**** Provided data ****
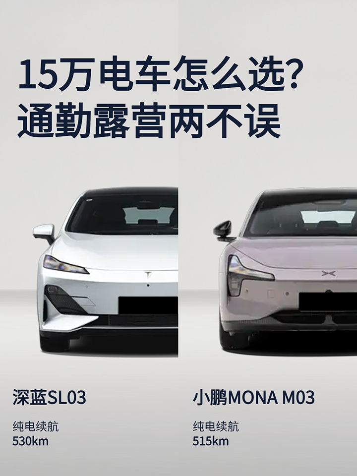 深蓝SL03后排能跷二郎腿,掀背尾门塞自行车无压力🚴;小鹏MONA M03后排头部局促,但后备箱621L能装下两个行李箱+露营装备。家庭选深蓝,单身贵族选小鹏。
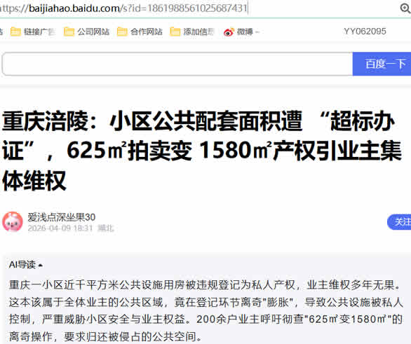 权事件。小区负二层规划明确、早已计入业主公摊面积的近千平方米公共设施用房,在全体业主毫不知情的情况下,被一并登记为私人产权。原本仅 625.81 平方米的拍卖标的,最终却办理出 1580.55 平方米的产权证,凭空多出的 954.74 平方米,正是保障整栋楼运行的业主共有设备用房。业主们历经投诉、信访、行政诉讼等多种途径维权,问题至今未能得到纠正,这起离奇的 “超标办证” 事件,不仅严重侵害了业主的合法权益,更引发了社会各界对不动产登记规范性、业主共有权益保护力度以及基层治理公信力的广泛质疑。
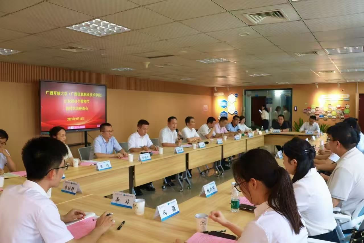 党委教师工作部、人事处 吴聃 报道 9月10日上午,学校以“以教育家精神铸魂强师 谱写教育强国建设华章”为主题,在五象校区“一站式”学生社区思政厅召开教师代表座谈会,学校校长王兴辉,副校长辛立章,副校长黄远鸣等学校领导出席会议,学校相关主要负责人以及教师代表参加座谈会。会议由副校长辛立章主持。
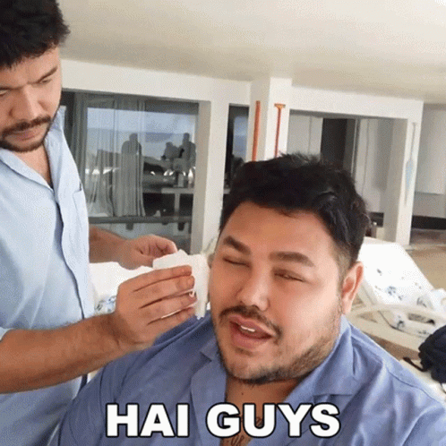 Indonesian celebrity Ivan Gunawan greets viewers with "Hai Guys" while another man wipes his face.
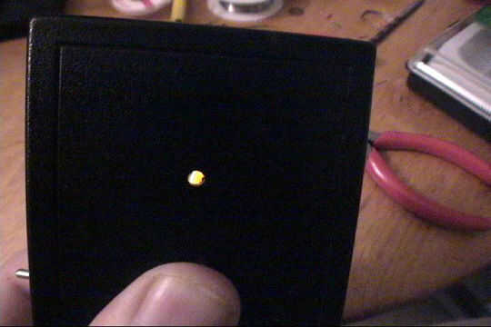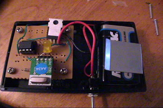 Cuando se gira el interruptor a, el LED comienza a parpadear (cada 1/2 segundo) y el transmisor comienza a transmitir.
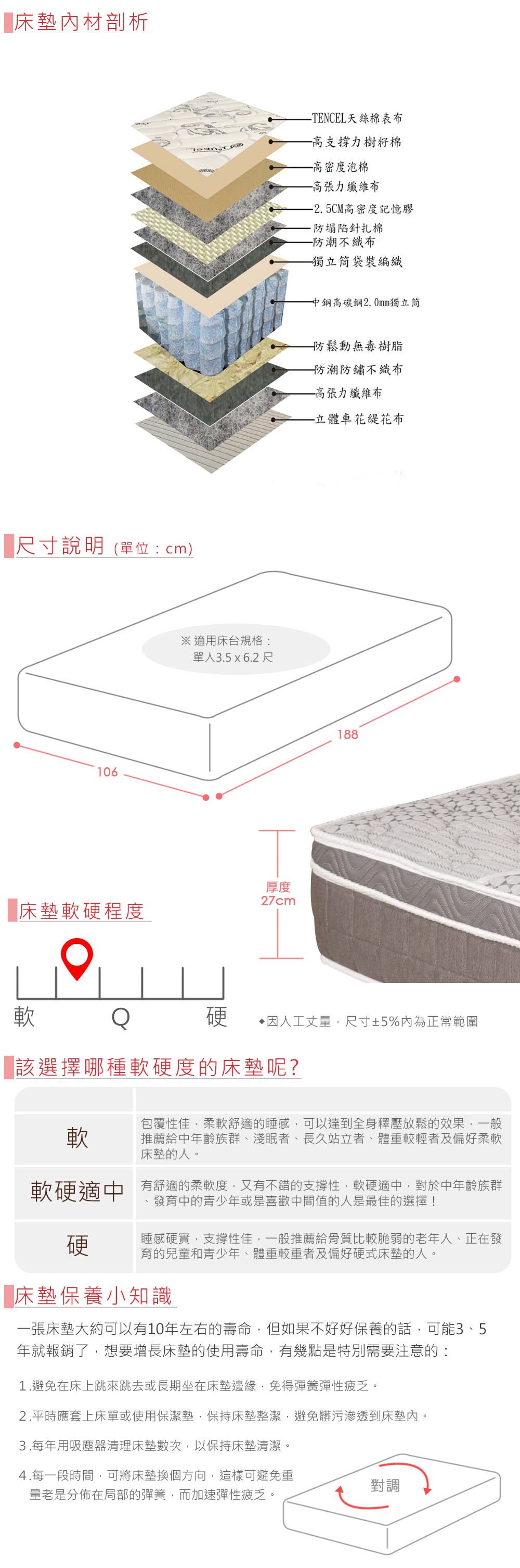 ASSARI-石墨烯雙彈簧高支撐三線獨立筒床墊-單人3尺單人3尺
****
[About this exercise]:
Only the lines from the one holding "Indonesian celebrity Ivan" through the last line of the records should be output, please, exactly and without any pictures.

[Finished exercise]:
 Indonesian celebrity Ivan Gunawan greets viewers with "Hai Guys" while another man wipes his face.
 Cuando se gira el interruptor a, el LED comienza a parpadear (cada 1/2 segundo) y el transmisor comienza a transmitir.
 ASSARI-石墨烯雙彈簧高支撐三線獨立筒床墊-單人3尺單人3尺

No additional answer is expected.